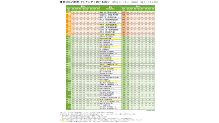 このほか、11位以下、50位圏内では「高槻市」「姫路」「和歌山」「尼崎〈JR〉」「大和西大寺」「枚方市」「森ノ宮」が過去最高位を更新した。
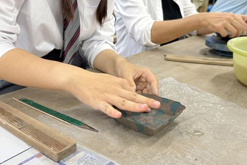 日本画の画材を使って絵を描く体験をしました。岩絵の具が沢山並んだ棚から好きな色を選ばせてもらえた事や、岩絵の具の使い方を教えてもらえた事、自由に道具を使わせてもらえた事など、リアルな体験ができて感動しました。
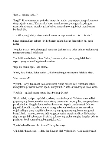 'Yeah,' kata Sirius. 'Idiot bodoh ... dia bergabung dengan para Pelahap Maut.'

PROBLEM DESCRIPTION: Output the listing above exactly, excluding all pictures.

EXERCISE ANSWER:
 このほか、11位以下、50位圏内では「高槻市」「姫路」「和歌山」「尼崎〈JR〉」「大和西大寺」「枚方市」「森ノ宮」が過去最高位を更新した。
 日本画の画材を使って絵を描く体験をしました。岩絵の具が沢山並んだ棚から好きな色を選ばせてもらえた事や、岩絵の具の使い方を教えてもらえた事、自由に道具を使わせてもらえた事など、リアルな体験ができて感動しました。
 'Yeah,' kata Sirius. 'Idiot bodoh ... dia bergabung dengan para Pelahap Maut.'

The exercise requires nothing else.